_TASK ITEM:_ Skip every picture, and copy exactly the lines from the one containing "red heel strap." to the end of the data.

_COLLECTED MATERIAL:_
▬▬▬▬▬▬▬▬▬▬

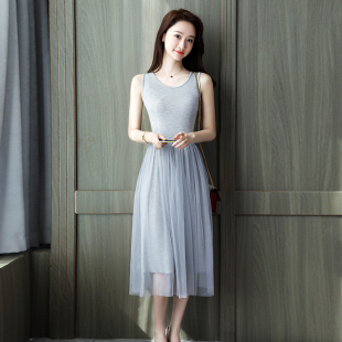 特价 莫代尔长裙背心纱裙纯色宽松内搭连衣裙 吊带网纱打底裙女夏装
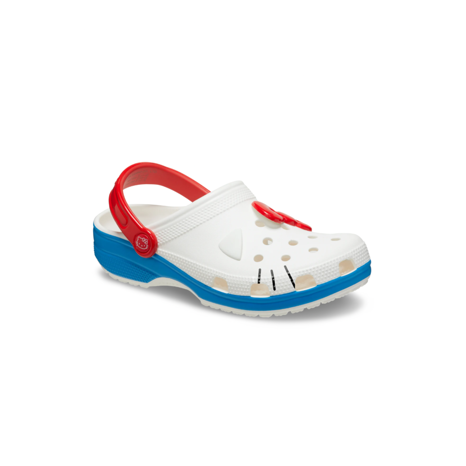 • Official Hello Kitty × Crocs collaboration — featuring a white base with Hello Kitty’s signature red bow and matching red heel strap.
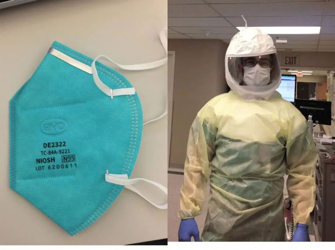 是不是又要老生常谈说PPE(个人防护品)的事儿了?加州医院N95口罩至少能管够,我和同事都喜欢用比亚迪进口的N95(图五-1), 但不要指望从头防到脚的防护服,我们有些人用自动供氧气的防护罩(图五-2)。

▬▬▬▬▬▬▬▬▬▬

_TASK RESPONSE:_
 • Official Hello Kitty × Crocs collaboration — featuring a white base with Hello Kitty’s signature red bow and matching red heel strap.
 是不是又要老生常谈说PPE(个人防护品)的事儿了?加州医院N95口罩至少能管够,我和同事都喜欢用比亚迪进口的N95(图五-1), 但不要指望从头防到脚的防护服,我们有些人用自动供氧气的防护罩(图五-2)。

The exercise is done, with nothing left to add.